Poulenc compose beaucoup de mélodies, le plus souvent créées par le baryton léger Pierre Bernac, qu’il accompagne au piano, depuis les Chansons gaillardes en 1926 jusqu’à leur dernier récital salle Gaveau en 1959. Les chanteuses Jane Bathori, Suzanne Peignot, Claire Croiza, Madeleine Grey ont été aussi des interprètes appréciées de Poulenc. Figure humaine sur des poèmes de Paul Eluard est considérée comme l’œuvre chorale majeure de Poulenc. Composée en pleine occupation allemande, elle est un cri de liberté face à l’oppression, et sa création à Londres en 1945 par la BBC marque un moment fort de l’histoire musicale. A la sortie de la guerre, Poulenc choisit le « drame surréaliste » d’Apollinaire, Les Mamelles de Tyrésias, pour composer un opéra-bouffe, qui est créé à l’Opéra-Comique en 1947 avec Denise Duval, dans une ambiance assez houleuse.

 

Dialogues des Carmélites

En lisant en 1953 le texte de Bernanos, Poulenc s’enthousiasme et décide rapidement d’en composer une musique d’opéra. Il s’y consacre plusieurs mois, puis s’en détache pour d’autres activités et projets, y revient après des épreuves dans sa vie privée et n’achève son travail qu’en 1956. La création a lieu à la Scala de Milan début 1957 avec Virginia Zeani, et à Paris en juin avec Denise Duval. Le succès est au rendez-vous, de nombreux opéras le reprennent, mais Poulenc est fatigué et part se reposer dans le midi.

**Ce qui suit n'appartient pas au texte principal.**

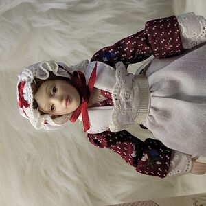 Delightful porcelain doll featuring a red and white bonnet, polka dot blouse, and green skirt. Includes a decorative box.
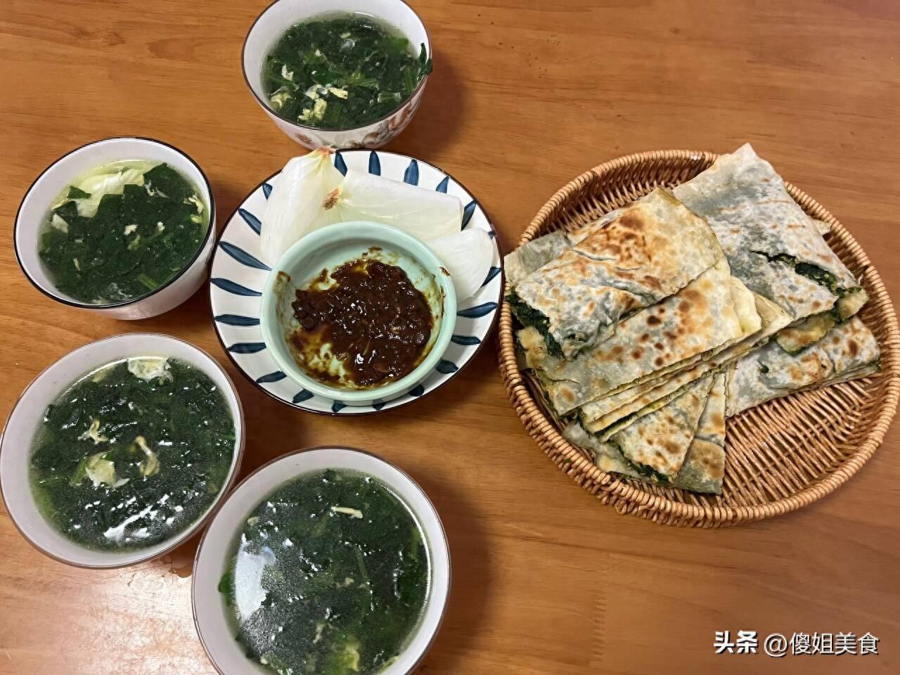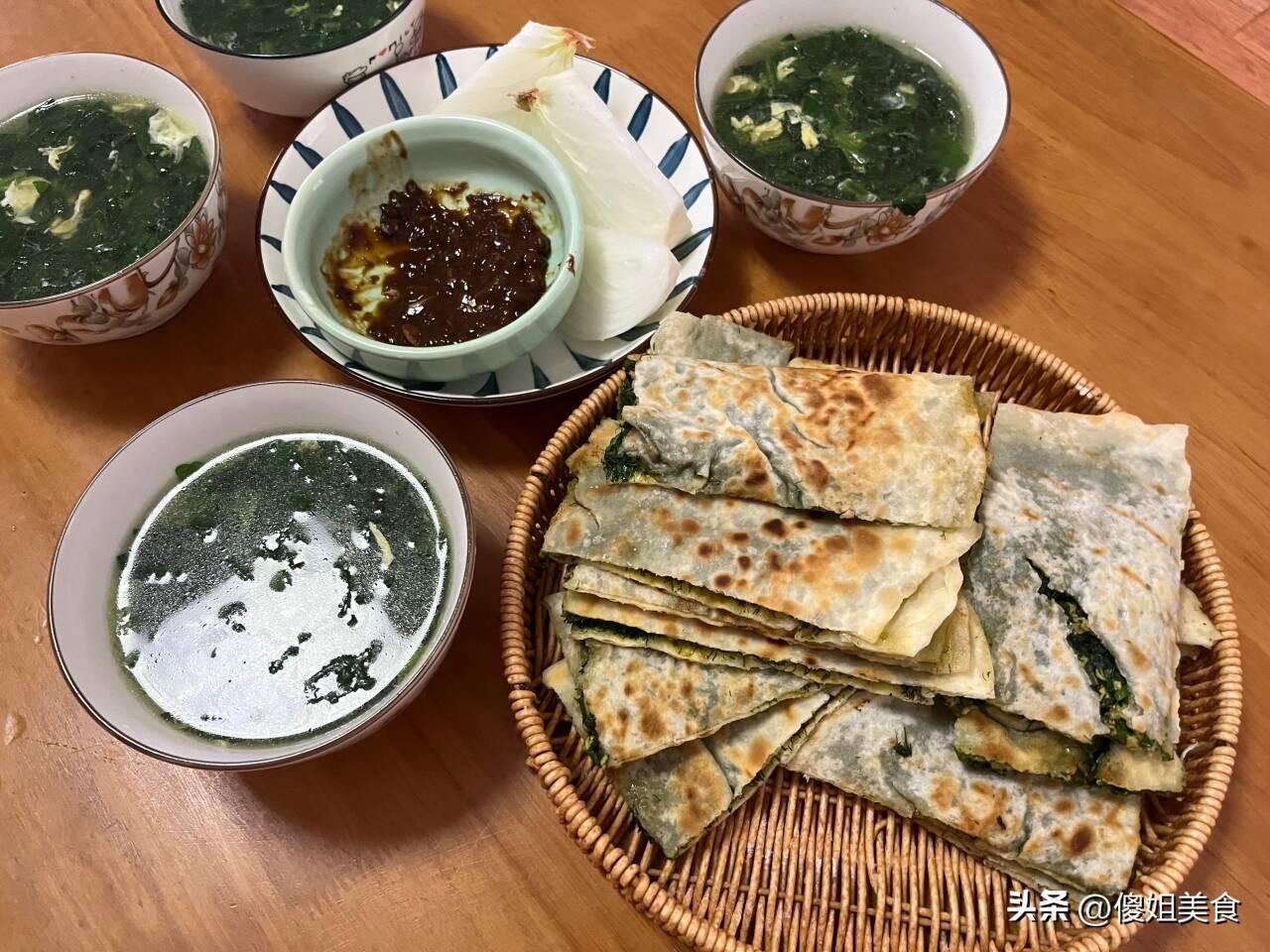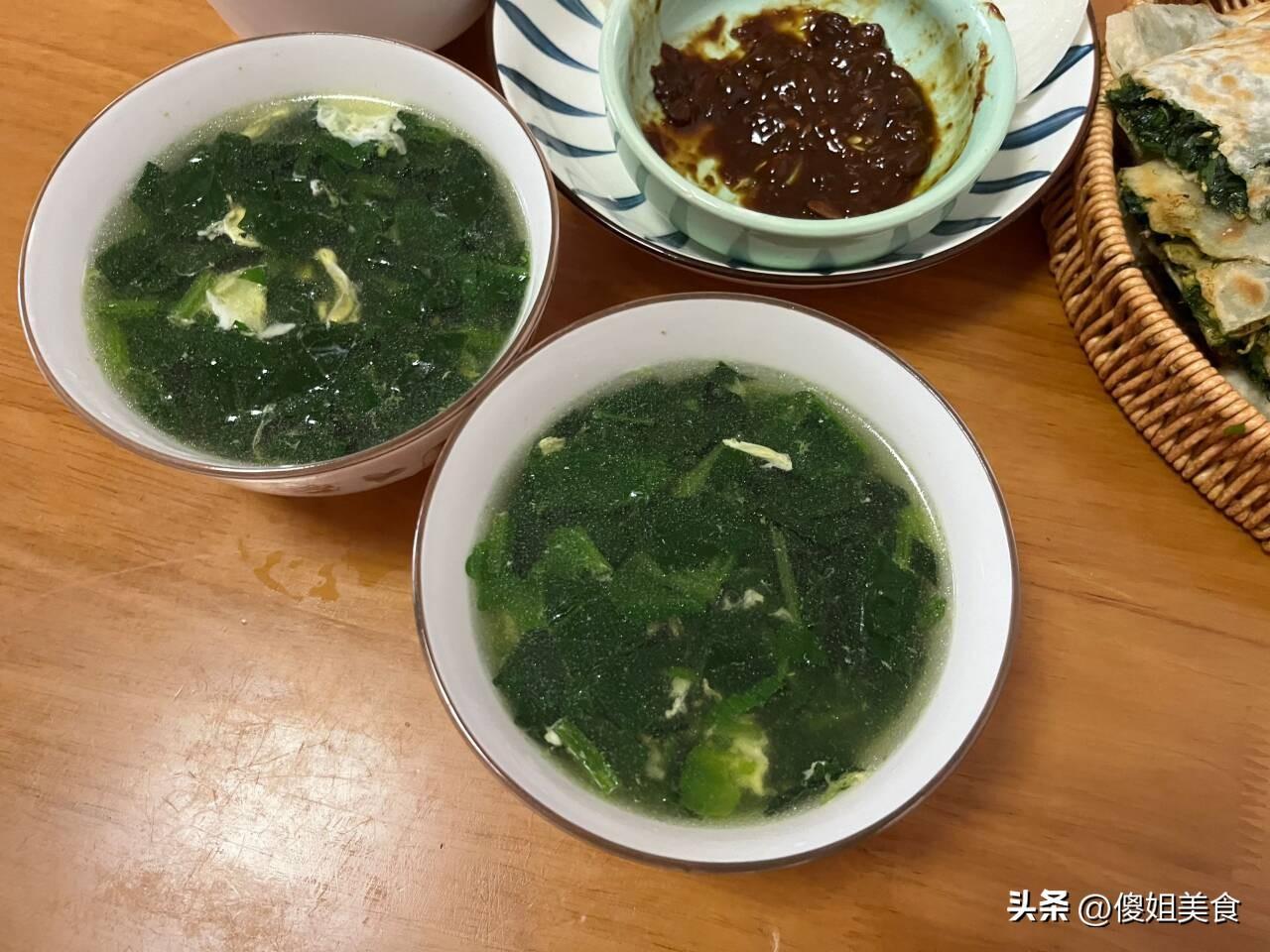 我家做菠菜雞蛋湯從來都不熗鍋,直接把切好的菠菜段丟入沸騰的鍋中,撒點鹽,再來香油增香,最後淋入一個雞蛋液,鮮美好喝的菠菜雞蛋湯就做好了,爽口解油膩,一頓能喝三大碗。配着我烙的菜餅喫,保準你喫撐了,太解饞了。想喫的朋友可以來我家蹭飯啊,做給你們喫。

Il compose La Voix humaine pour soprano seule, sur un texte de Cocteau, créée à Paris début 1959 par Denise Duval, puis un Gloria, pour soprano et chœur mixte, peu conventionnel, la voix de soprano semblant imiter le chant libre et insouciant des anges, et le chœur accompagnant magnifiquement cette prière de chants proches du grégorien. 

 

Les dernières années

Après une tournée triomphale aux Etats-Unis, où sont données toutes ses dernières œuvres, Poulenc rentre en France et compose encore une pièce lyrique pour soprano seule sur un texte de Cocteau, La Dame de Monte Carlo, dédiée à sa chère Denise Duval. Puis il écrit une œuvre religieuse Les sept Répons de ténèbres dont certains rappellent des passages des Carmélites. De retour d’un récital à Maastricht avec Denise Duval, il meurt brutalement dans son appartement parisien fin janvier 1963.

 

Une postérité sans purgatoire

Poulenc est resté en haut de l’affiche après sa mort et continue d’être joué partout dans le monde, qu’il s’agisse de ses œuvres instrumentales, de ses œuvres chorales, de ses mélodies ou de ses opéras. Dialogues des Carmélites remportent toujours des succès publics, tant cette tragédie illuminée par des chanteuses incarnant des saintes religieuses victimes de la Terreur bouleverse nos sentiments humains et nous touche au plus profond de l’âme. La mise en scène d’Olivier Py au Théâtre des Champs Elysées en 2013, avec Patricia Petibon, Sandrine Piau, Sophie Koch, Véronique Gens et Rosalind Plowright, est un miracle de réussite dramatique et lyrique.